I admire Munger Tolles & Olson for many reasons (“MTO”), so let me hold up MTO as a positive example here. At the top of its homepage, the firm touts an American Lawyer article describing the firm as “progressive—perhaps radically progressive.” I don’t know how long Munger has had this language featured so prominently on its website. But if a right-wing lawyer joined MTO after this self-branding, got fired for publicly expressing conservative views, and then complained of “cancellation,” I might say to this person, “You walked into the lion’s den—are you really surprised that you got eaten?”
[UPDATE (12/7/2022, 11:46 p.m.): I received the following message from Brad Brian, a leading trial lawyer and chair of Munger, Tolles & Olson: “We appreciate the positive statements about our firm in your recent article. However, I do want to provide you with additional context about the “progressive—perhaps radically progressive” language on our website that you have quoted. That comment is from an Am Law article (link here) addressing our governance structure and the firm’s diversity and support for work-life integration; it is not a reference to the politics of our colleagues. We see now how this quote could be interpreted incorrectly and will explore how to address this further going forward. But, to be clear here, neither we nor Am Law (we are most confident) meant the quote to have the meaning you appear to ascribe to it. To the contrary, we are proud that our firm is made up of lawyers with a variety of political perspectives. Diversity has always been a cornerstone of our organization, and we strongly believe that a diverse and inclusive workforce—including respect for differing political viewpoints—allows us to better serve our clients and support one another.”]

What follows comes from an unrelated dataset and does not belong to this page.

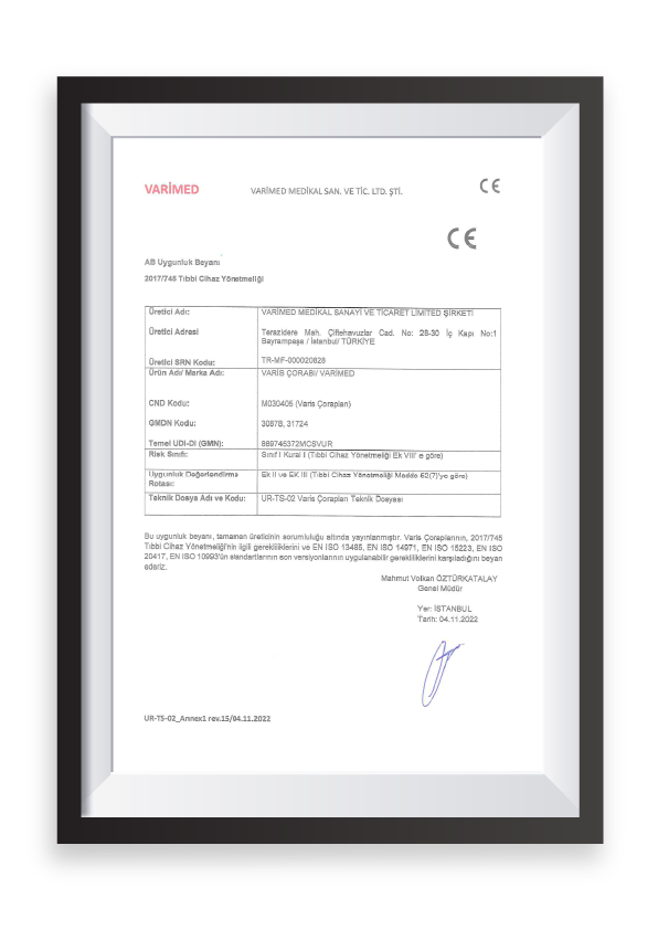 Varimed varis çoraplarında kullanılan mükemmel elastikiyete sahip çift kaplamalı iplik özelliklerinden dolayı elastikiyet ve esnekliklerini uzun süre koruma özelliğine sahiptir.

[UPDATE (12/2/2022, 8:16 a.m.): Regarding Munger Tolles, whose main offices are in Los Angeles and San Francisco, a reader pointed out to me that California law prohibits employers from “[f]orbidding or preventing employees from engaging or participating in politics” and “[c]ontrolling or directing, or tending to control or direct the political activities or affiliations of employees.” MTO also has a small office in Washington; under D.C. law, employers cannot discriminate against employees based on “political affiliation.” So it might violate California or D.C. law for Munger to fire all its Republican lawyers tomorrow. But
most many jurisdictions, as well as the federal government, do not have laws along these lines (although some commentators, such as Vivek Ramaswamy and Professor Jed Rubenfeld in this Wall Street Journal op-ed, argue that they should). So my general point still stands: most many employers remain free to discriminate based on political considerations, and personally speaking, I’m not sure I’m that troubled.]
[UPDATE (12/2/2022, 10:30 a.m.): For folks who are interested, Professor Eugene Volokh has put together this excellent compilation of state laws regulating what employers can do vis-a-vis private employees’ speech and political activity. These statutes are more widespread than I realized; per Professor Volokh, “[a]bout half of Americans live in jurisdictions that protect some private employee speech or political activity from employer retaliation.” I have therefore changed “most” to “many” in my earlier update—i.e., many jurisdictions don’t have these laws, and many employers remain free to discriminate on these grounds.]